On June 6th 1934 Zucker, Hartman and Dombrowski were met by a journalist and photographer from the Daily Express together with the editor of a philatelic magazine on the Sussex Downs near Brighton, Sussex. This report was published about the Brighton test in the magazine Modern Mechanix November 1934 edition:
While Modern Mechanix reported that 1200 covers were carried undamaged for nearly two miles before being posted normally for onward delivery, other reports suggest the test flights on the Sussex Downs were made with no cargo and the longest flight actually ended by crashing in to the sea!
Following the tests on the Sussex Downs Zucker reportedly claimed that he would inaugrate regular one minute rocket post services between Dover and Calais in France although nothing became of this plan.
Eventually domonstration rocket tests for the General Post Office were launched on 28 and 31 July 1934 between the Hebridean islands of Harris and Scarp in Scotland. Measuring nearly four feet the rockets were loaded with up to 1,200 envelopes. Both rockets exploded on launch although most of the second rocket's cargo was salvaged albeit many examples displayed burn marks.

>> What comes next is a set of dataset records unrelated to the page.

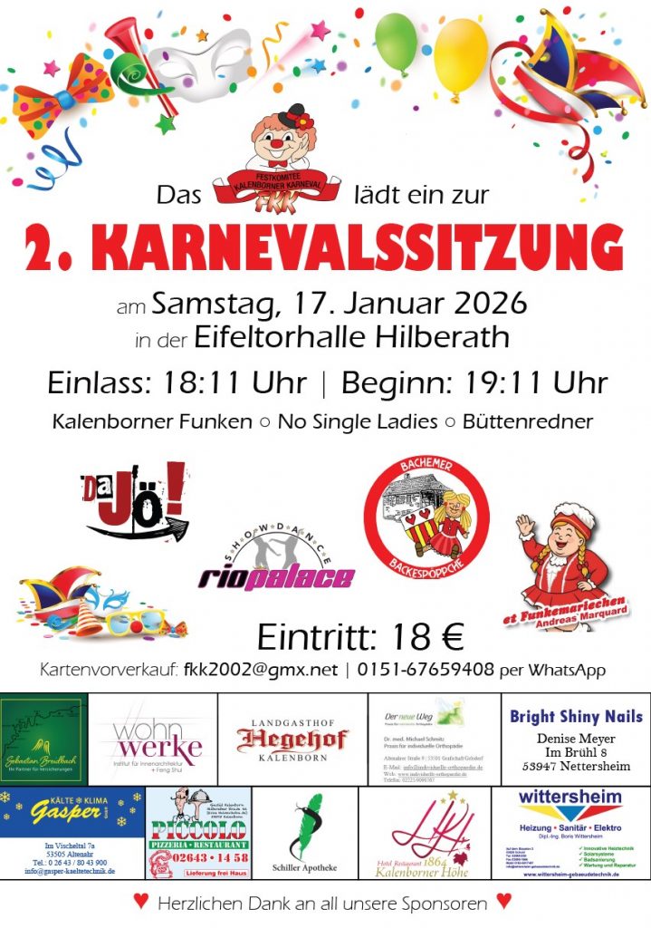 Das Festkomitee Kalenborner Karneval (FKK) lädt herzlich ein zur 2. Karnevalssitzung am Samstag, den 17. Januar 2026 in der Eifeltorhalle Hilberath!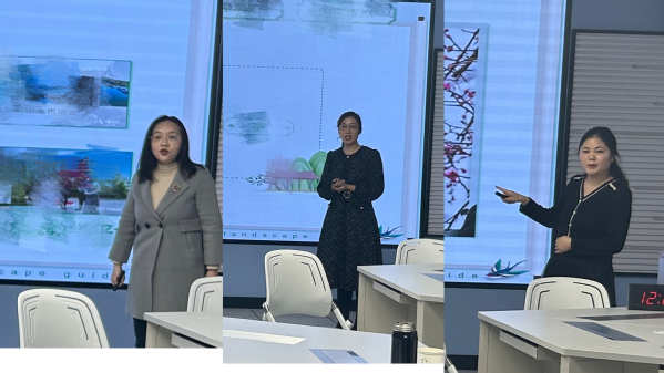 活动中,赵文旻、左宏琴老师负责的2支教学团队分别进行了教学实施报告与无学生教学展示的演练;其中,一名教师汇报教学实施报告,时长8分钟,剩余三名教师分别进行无学生教学展示,总计时长18-24分钟。参赛教师精心准备、思路清晰、精彩呈现,各具特色,展示了教师扎实的基本功底。最后,与会领导和校外专家依据上海市“星光计划”第十届职业院校技能大赛教师教学能力比赛评分指标,从教学语言与教态、教案设计、信息化运用、课程思政等多方面对参赛团队进行了全面深入点评和指导。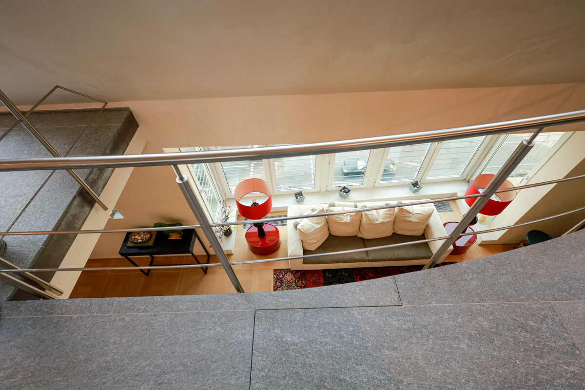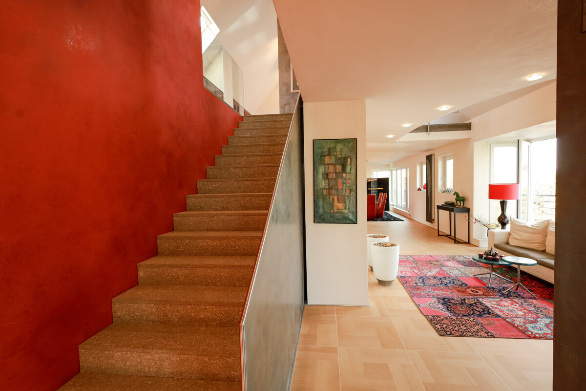 Die breite Steintreppe führt in den oberen Wohnbereich, der durch seinen Galeriecharakter besticht: Teilweise offene Bodenbereiche lassen bewusst Durchblicke in die untere Etage zu und unterstreichen das luftige, atelierartige Wohngefühl. Der Steinboden, die umfangreichen Glasflächen und die Vielzahl an Fenstern – auch hier inklusive Dachverglasungen – schaffen ein Ambiente voller Leichtigkeit und Transparenz.

In recent years the BBC Open University programme "Coast" recreated the Harris to Scarp experiment and proved Zucker's rocket design could have carried post across the water between the Scottish islands and concluded it was likely to have been unsuitable fuel powder that caused both failures back in 1934.
While there are widespread claims about the possible fraudulaent nature surrounding many of Zucker's rocket mail covers they are today a very collectable item. You can check our online auction pages to see any rocket mail items currently on offer.
Reports say that Zucker was later deported from the UK as tensions and suspicions heightened in the lead up to World War 2. Zucker went on to serve in the Luftwaffe during WW2 and maintained his interest in rocketry after the war living in West Germany until 1964 when a fatal accident precipitated a federal ban on private rocket flights. Zucker passed away in 1985.